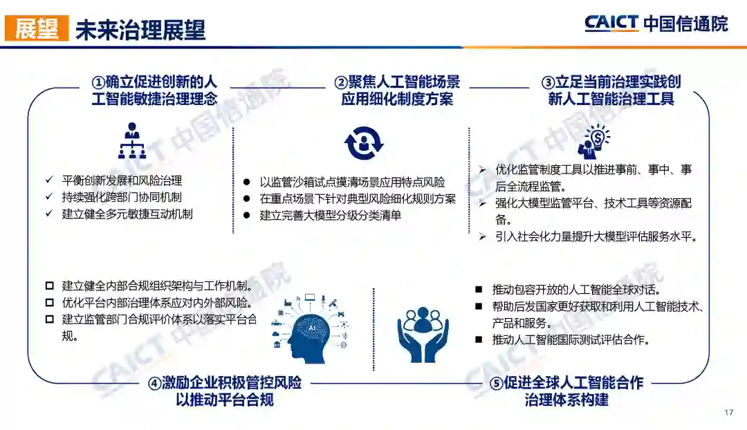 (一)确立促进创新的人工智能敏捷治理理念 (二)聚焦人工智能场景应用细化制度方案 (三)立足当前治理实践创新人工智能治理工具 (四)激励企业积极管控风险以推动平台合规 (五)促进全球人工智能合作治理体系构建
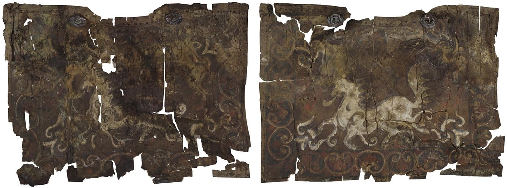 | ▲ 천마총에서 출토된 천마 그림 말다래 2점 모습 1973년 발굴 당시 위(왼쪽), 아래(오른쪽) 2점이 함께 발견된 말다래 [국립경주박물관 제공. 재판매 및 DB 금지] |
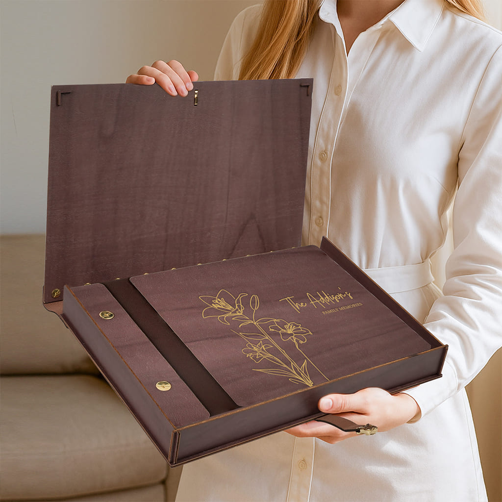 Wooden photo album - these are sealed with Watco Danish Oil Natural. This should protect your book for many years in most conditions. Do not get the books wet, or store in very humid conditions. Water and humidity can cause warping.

* * *

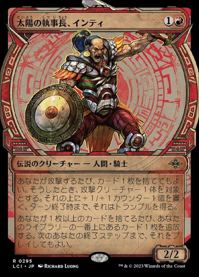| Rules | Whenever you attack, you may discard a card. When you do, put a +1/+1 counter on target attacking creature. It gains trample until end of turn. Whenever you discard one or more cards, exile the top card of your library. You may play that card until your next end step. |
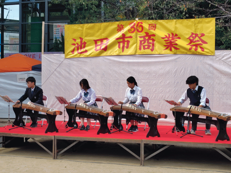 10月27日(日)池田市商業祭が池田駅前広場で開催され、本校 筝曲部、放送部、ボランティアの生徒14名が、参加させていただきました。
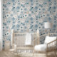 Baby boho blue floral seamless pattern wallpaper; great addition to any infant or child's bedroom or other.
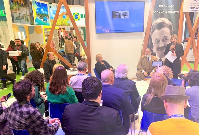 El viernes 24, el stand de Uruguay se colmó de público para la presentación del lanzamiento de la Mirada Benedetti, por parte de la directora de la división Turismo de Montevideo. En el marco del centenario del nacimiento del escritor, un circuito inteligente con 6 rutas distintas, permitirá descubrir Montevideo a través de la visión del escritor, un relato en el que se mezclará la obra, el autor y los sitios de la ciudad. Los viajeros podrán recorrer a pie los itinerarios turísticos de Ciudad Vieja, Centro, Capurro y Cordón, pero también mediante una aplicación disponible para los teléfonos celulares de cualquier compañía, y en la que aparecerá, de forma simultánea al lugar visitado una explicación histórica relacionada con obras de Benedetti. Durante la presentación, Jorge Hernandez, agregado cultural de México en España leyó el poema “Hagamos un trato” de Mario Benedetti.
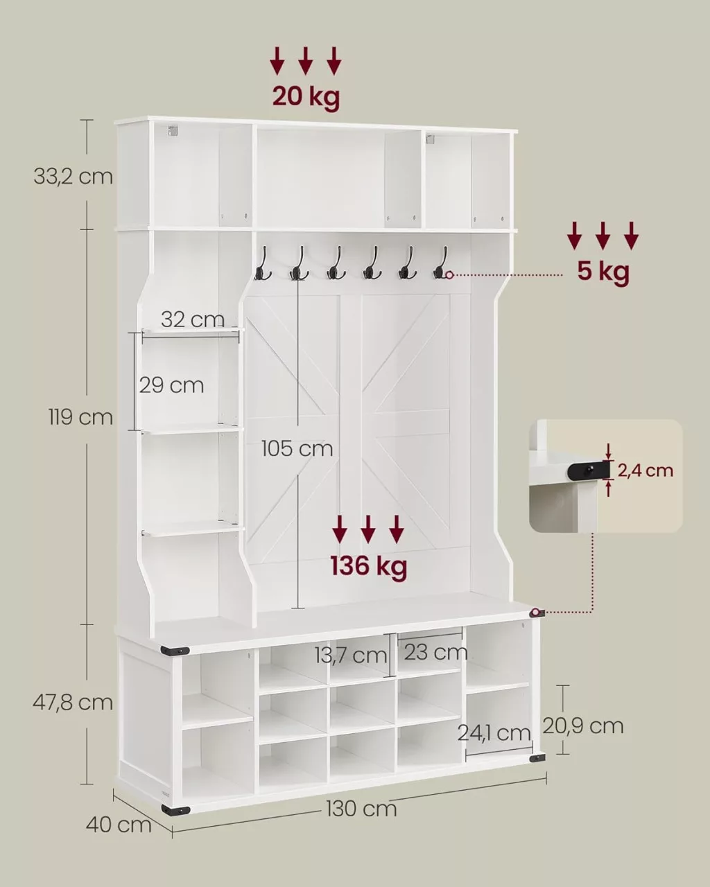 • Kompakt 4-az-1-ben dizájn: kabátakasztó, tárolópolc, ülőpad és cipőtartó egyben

* * *

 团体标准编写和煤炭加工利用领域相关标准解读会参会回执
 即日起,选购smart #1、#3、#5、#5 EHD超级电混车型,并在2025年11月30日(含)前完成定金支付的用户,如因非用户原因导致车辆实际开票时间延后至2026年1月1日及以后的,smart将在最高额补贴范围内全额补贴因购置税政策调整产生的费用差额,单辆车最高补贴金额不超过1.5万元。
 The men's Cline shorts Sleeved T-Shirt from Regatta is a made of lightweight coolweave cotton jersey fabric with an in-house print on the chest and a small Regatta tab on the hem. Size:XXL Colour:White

:: ACTIVITY ::
Nothing but the lines above from the one containing "团体标准编写和煤炭加工利用领域相关标准解读会参会回执" through the one containing "The men's Cline" should appear in the answer, each repeated exactly.

:: EXPECTED OUTPUT ::
 团体标准编写和煤炭加工利用领域相关标准解读会参会回执
 即日起,选购smart #1、#3、#5、#5 EHD超级电混车型,并在2025年11月30日(含)前完成定金支付的用户,如因非用户原因导致车辆实际开票时间延后至2026年1月1日及以后的,smart将在最高额补贴范围内全额补贴因购置税政策调整产生的费用差额,单辆车最高补贴金额不超过1.5万元。
 The men's Cline shorts Sleeved T-Shirt from Regatta is a made of lightweight coolweave cotton jersey fabric with an in-house print on the chest and a small Regatta tab on the hem. Size:XXL Colour:White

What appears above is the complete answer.